Да. Потом опять же наш опыт неизбежно отличается от опыта столетнего, двухсотлетней давности хотя бы в том, что… просто в источниках информации — не было такой конкуренции, можно было ограничить, я уж не говорю о том, когда единственная книга в доме была Псалтирь и по ней и азбуку учили, и все остальное, уж не говоря о других книгах.

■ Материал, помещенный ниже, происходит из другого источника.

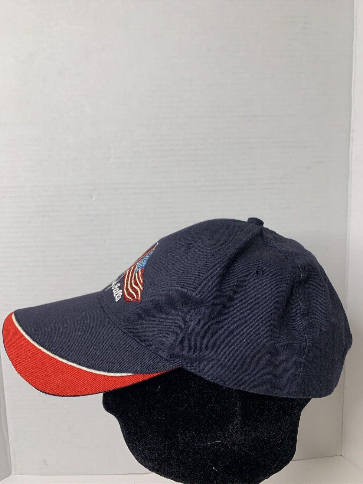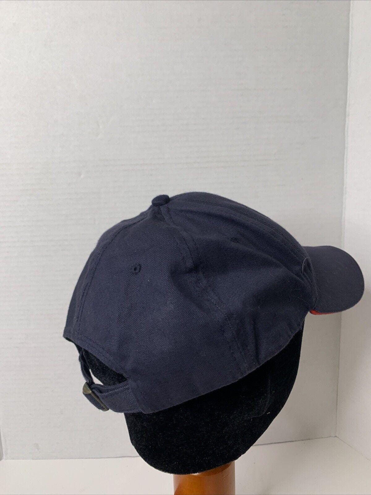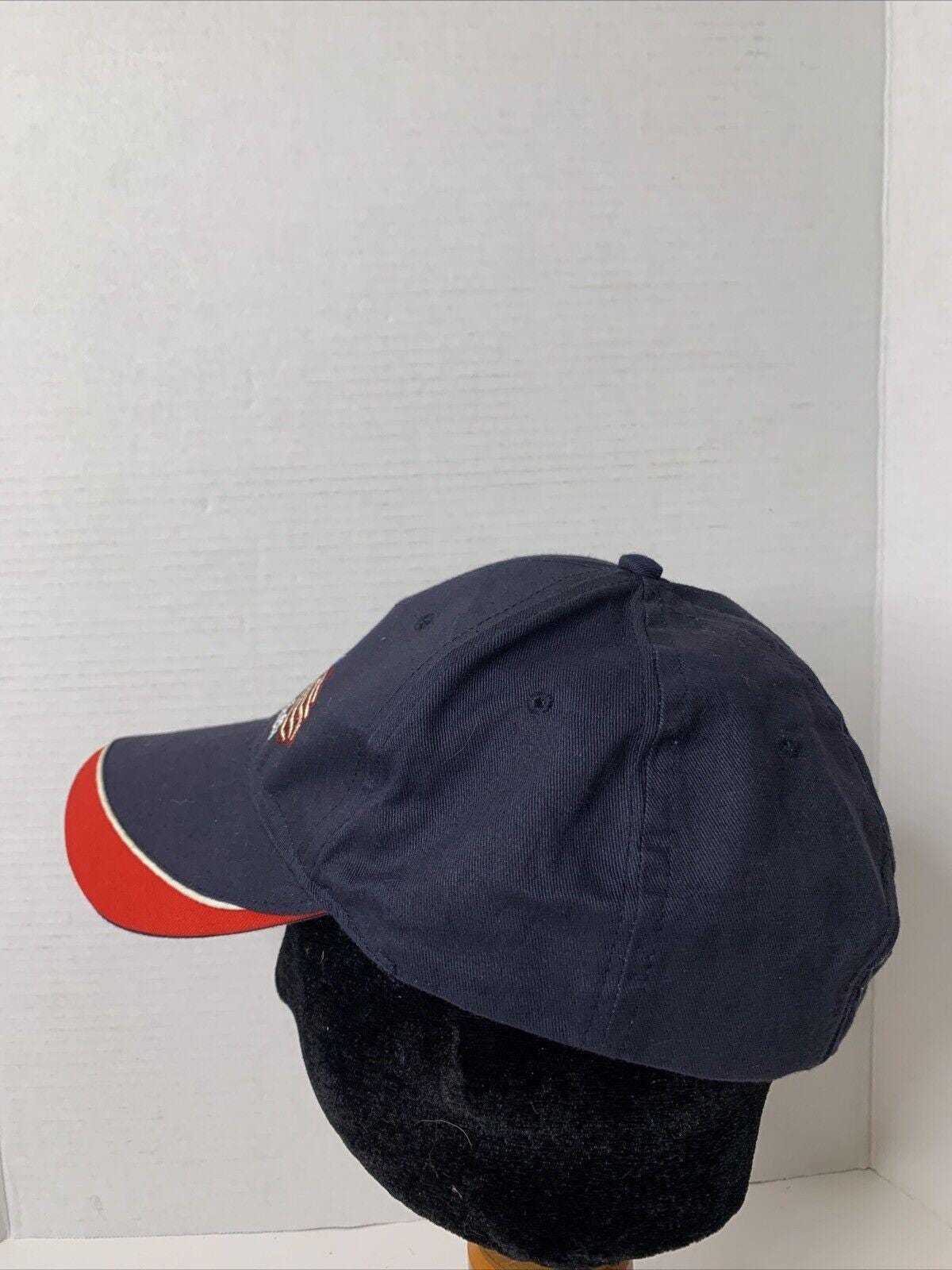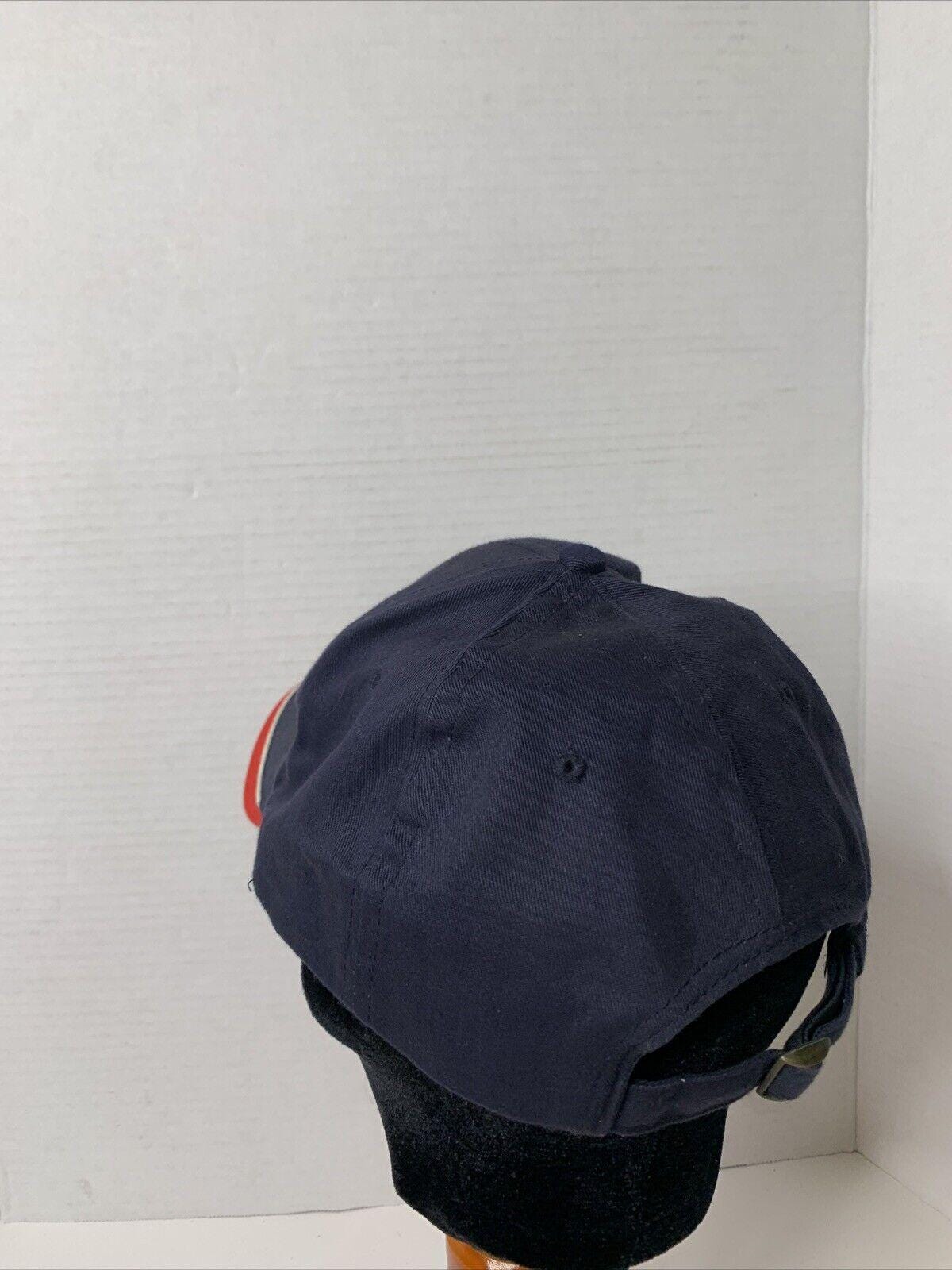 * Blue hat with red and white accents on curved brim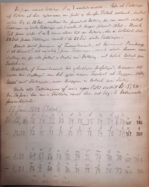 Da der hidtil under de Halv-Minut Pulstællinger er bleven talt paa højre, snart paa v. Side af Secund-Skiven, samt paa Punkter i h. el.v. Side, er der Grund til at antage at Uhrfejlen ikke kan have afgjort ødelæggende Betydning.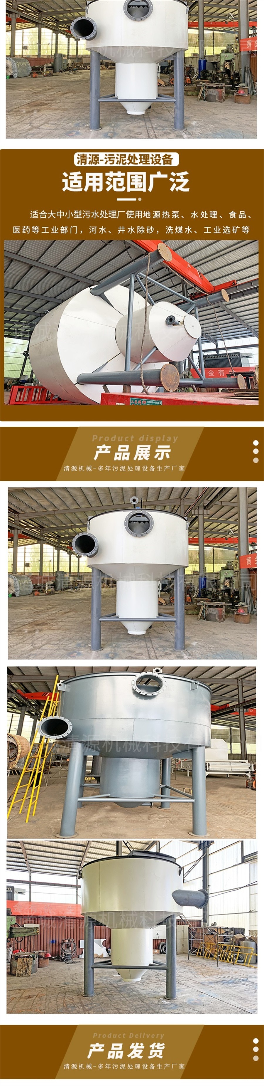 QYYXLC型号钟式旋流除砂机是一种新引进的国外技术,用于给排水工程中去除直径0.2mm以上的大部分砂粒,去除率98%以上。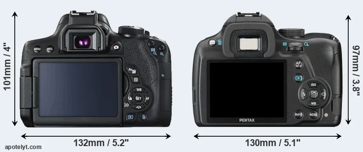 | Screen Specs | Canon 750D | Pentax K-50 |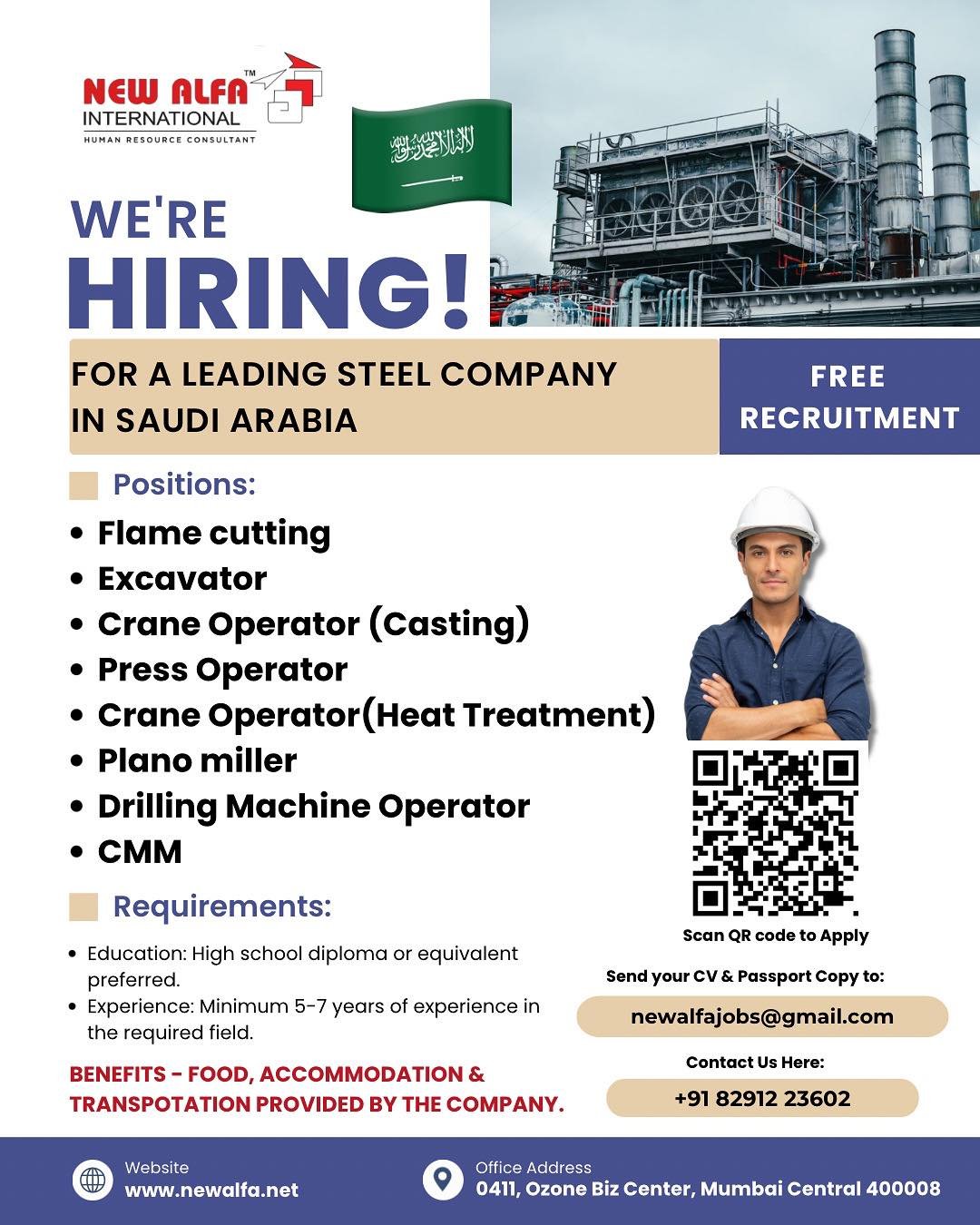 Urgent Hiring for a Leading Steel Company in Saudi Arabia!

Потом появилось много разных книг, появилось много разных газет, а сейчас вся информация, накопленная человечеством, все культурное достояние и «достояние» человечества, накопленное за эти тысячи лет, — они в одном клике, и какие фильтры ни ставь, ты не можешь ограничить.

Поэтому ты находишься, по отношению к детям в том числе, и в воспитательном процессе в очень жесткой конкурентной среде относительно вот этого всего пространства, и невозможно его просто запретить.

Поэтому, конечно, образование — это искусство, ну и наука, конечно, и практика — это искусство, и здесь нет какого-то одного рецепта даже в отношении одного ребенка…

Понимаю.

В отношении одного ребенка на один день: вот здесь нужно запретить, а здесь… и запретить категорически. Вот что такое строгость: строгость — это не раздражение, это не злоба, строгость — это последовательность в позиции, ну и личный пример, извините.

А тебе приходилось часто быть непоследовательным?

Что такое последовательность: если ты сказал «нет», то ты на этом «нет» уже. Поэтому нужно изначально подумать, готов ли ты в этом «нет» быть до конца — и опять же личный пример.

ПРОЩЕНИЕ

Я уже сказал, что мои гости легко и охотно признаются в том, что им не хватает терпения. Но намного реже люди признаются в том, что они не умеют прощать. Ты умеешь прощать?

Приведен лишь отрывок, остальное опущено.